Records from a dataset
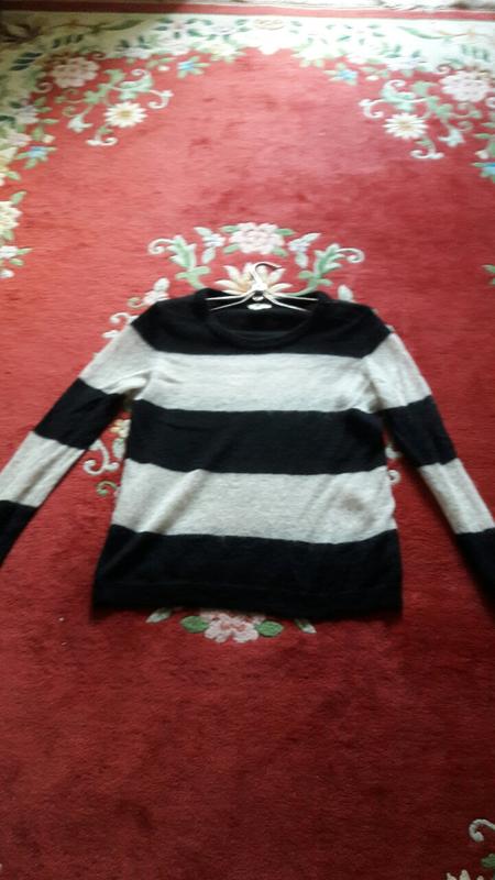 симпатичный свитерок.На этикетке указан размер S,смотрите по замерам,идет немного больше.Состав-50мохер,30поамид,20 шерсть.Замеры в спокойном состоянии-плечи 42-43,грудь 53,охват рукава под простой 30,длина рукава 66,длина свитра 70.Очень воздушный и теплый,не кусается.Сзади ближе к низу имеется одна деформированная петля,на состояние не влияет,можно подтянуть.Видно на фото
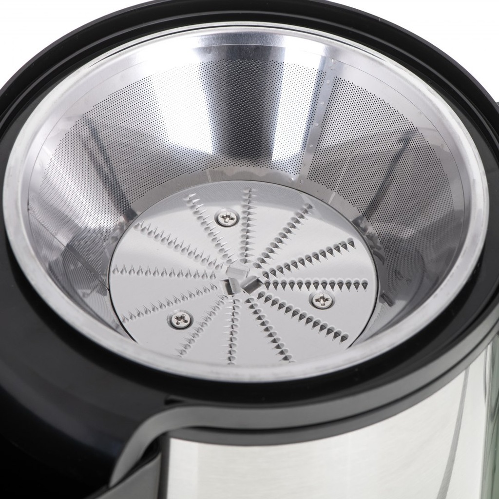- 3 stopniowy przełącznik, Blokada przed uruchomieniem nieprawidłowo złożonego urządzenia, Błyskawicznie wyciska sok z całych jabłek, marchewek i innych owoców, Drobne sitko ze stali nierdzewnej do aksamitnych soków, Odprowadzanie soku systemem NIEKAPKIEM, Otwór na całe owoce i warzywa o średnicy 65mm, Stabilna podstawa antypoślizgowa - przyssawki, Szybkie i łatwe czyszczenie - można myć w zmywarce, Wykonana ze stali szlachetnej najwyższej jakości, W zestawie pojemnik na sok (0,45L) oraz miąższ (1,5L)
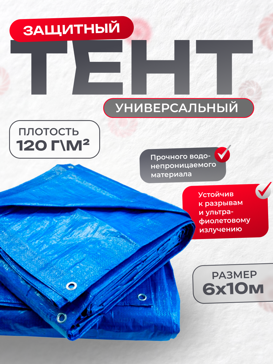 Купить Тент укрывной усиленный с люверсами 6х10 м, 120г/м2, универсальный, туристический
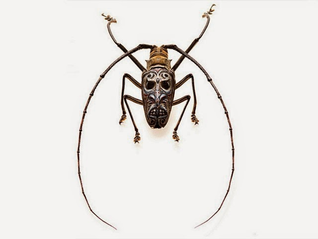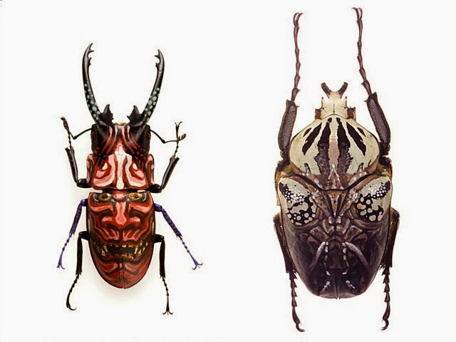 Skrederstu和Brand過去收藏了許多稀有昆蟲,剛好成了他們的最佳創作素材。想想看全世界有多少種昆蟲,以及牠們可以延伸出來的無限種可能性,真是驗證了藝術的無所不在與無所不能,雖然「蟲體」加上「面具臉譜」對許多人來說應該像惡夢雙重奏,實在不敢多看一眼吧^^"
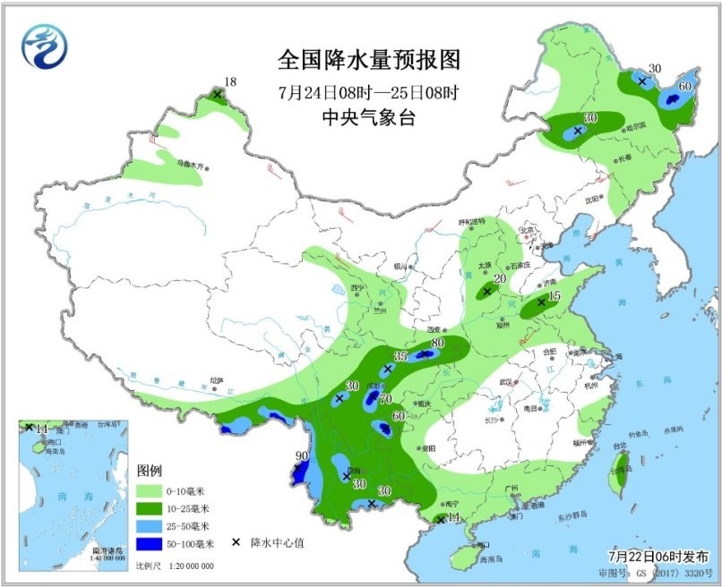 今明天,中央气象台预计,受东移高空槽和副热带高压共同影响,四川盆地、华北及东北地区等地有较强降雨。
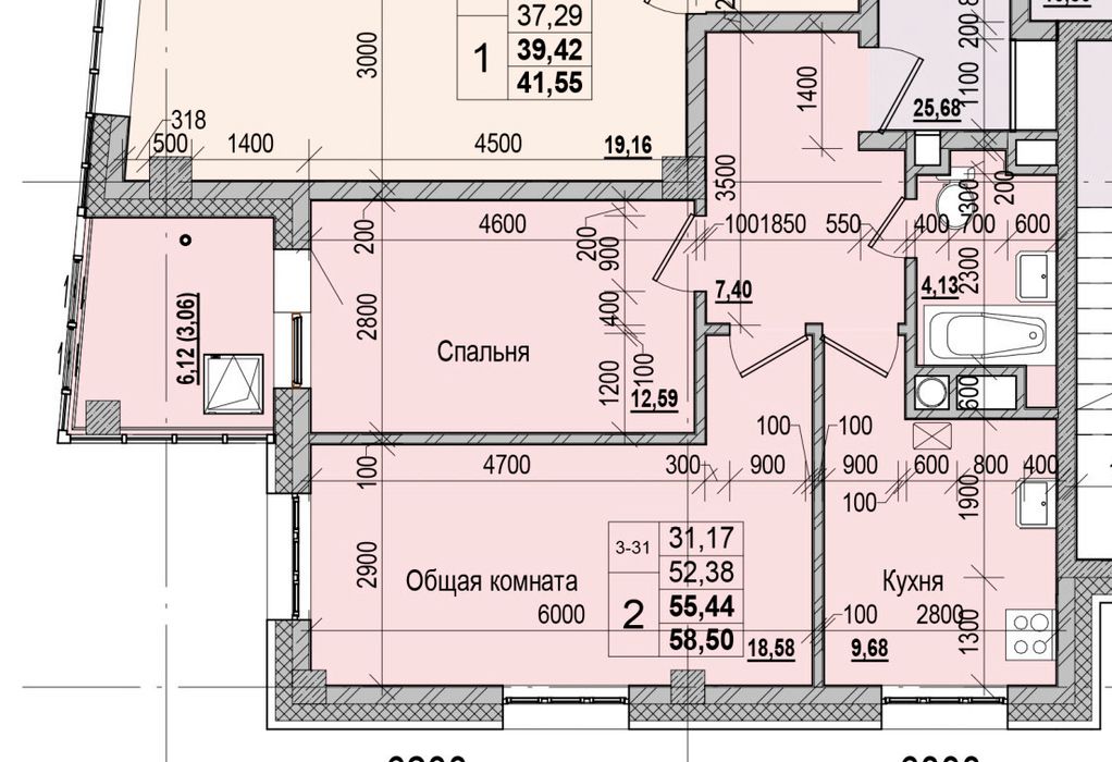 1-комн. 39,85 м² ・ № 149 ・ этаж 3/16 ・ ЖК Гастелло, 1 очередь
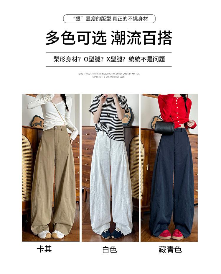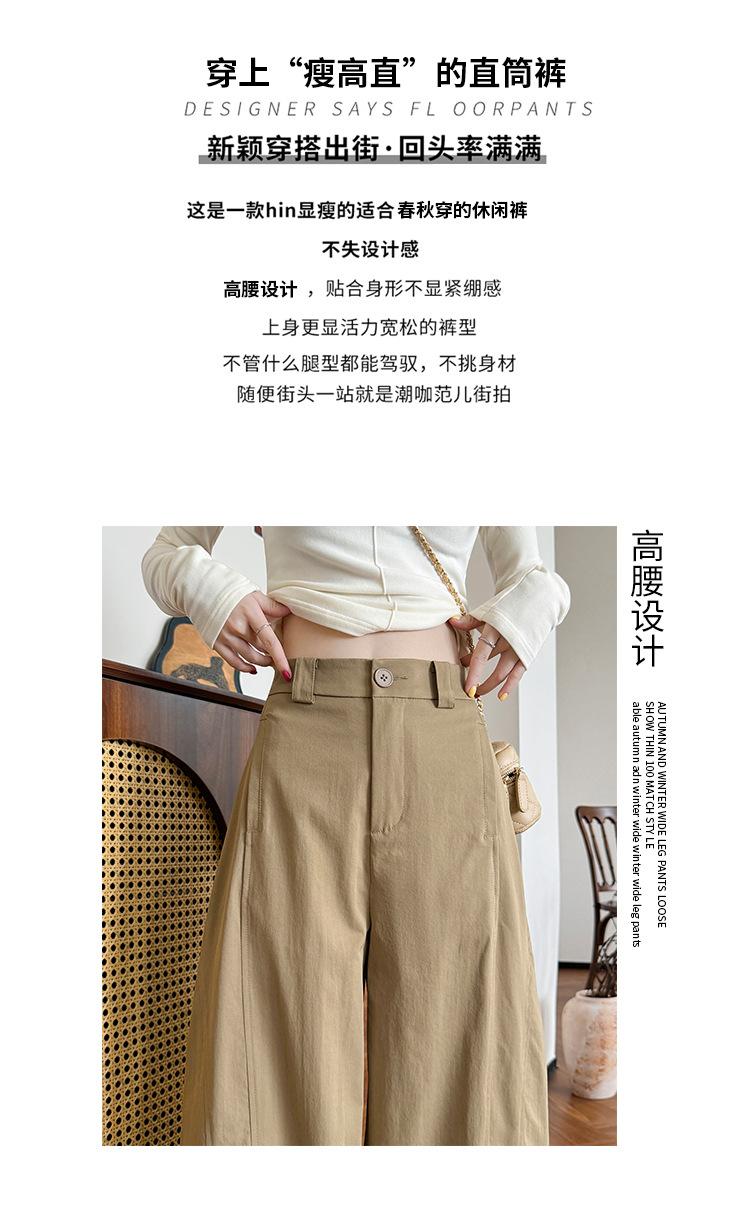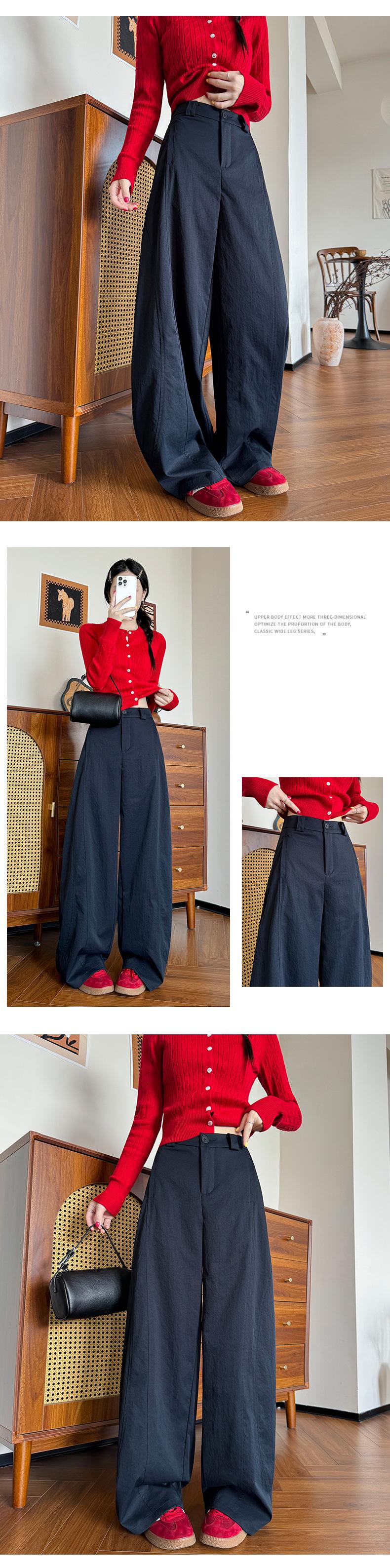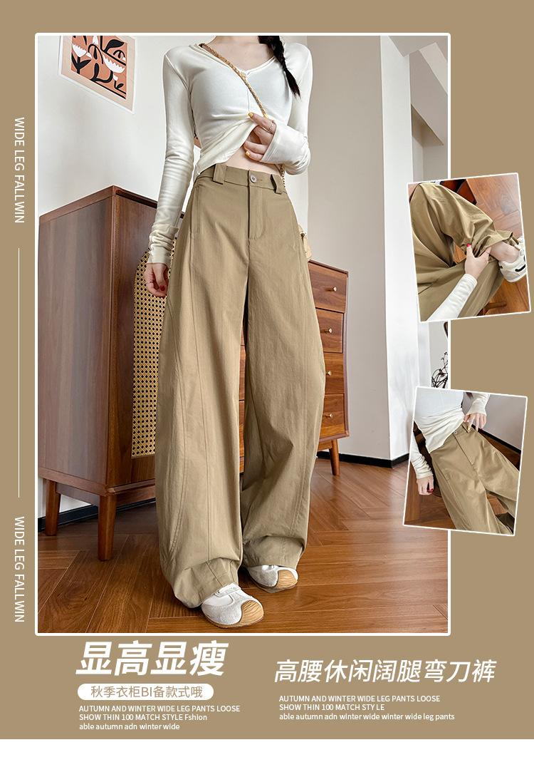 Pantalones cimitarra de pierna ancha de alta calidad para mujer, primavera y otoño, nuevos pantalones casuales con sentido del diseño slim, tiro alto, drapeado, pantalones de trabajo americanos

◆ Required work ◆
Nothing but the lines from the one holding "Купить Тент укрывной" to the end of the entries above should be echoed, exactly and with both ends included; omit the pictures.

◆ The answer ◆
 Купить Тент укрывной усиленный с люверсами 6х10 м, 120г/м2, универсальный, туристический
 Skrederstu和Brand過去收藏了許多稀有昆蟲,剛好成了他們的最佳創作素材。想想看全世界有多少種昆蟲,以及牠們可以延伸出來的無限種可能性,真是驗證了藝術的無所不在與無所不能,雖然「蟲體」加上「面具臉譜」對許多人來說應該像惡夢雙重奏,實在不敢多看一眼吧^^"
 今明天,中央气象台预计,受东移高空槽和副热带高压共同影响,四川盆地、华北及东北地区等地有较强降雨。
 1-комн. 39,85 м² ・ № 149 ・ этаж 3/16 ・ ЖК Гастелло, 1 очередь
 Pantalones cimitarra de pierna ancha de alta calidad para mujer, primavera y otoño, nuevos pantalones casuales con sentido del diseño slim, tiro alto, drapeado, pantalones de trabajo americanos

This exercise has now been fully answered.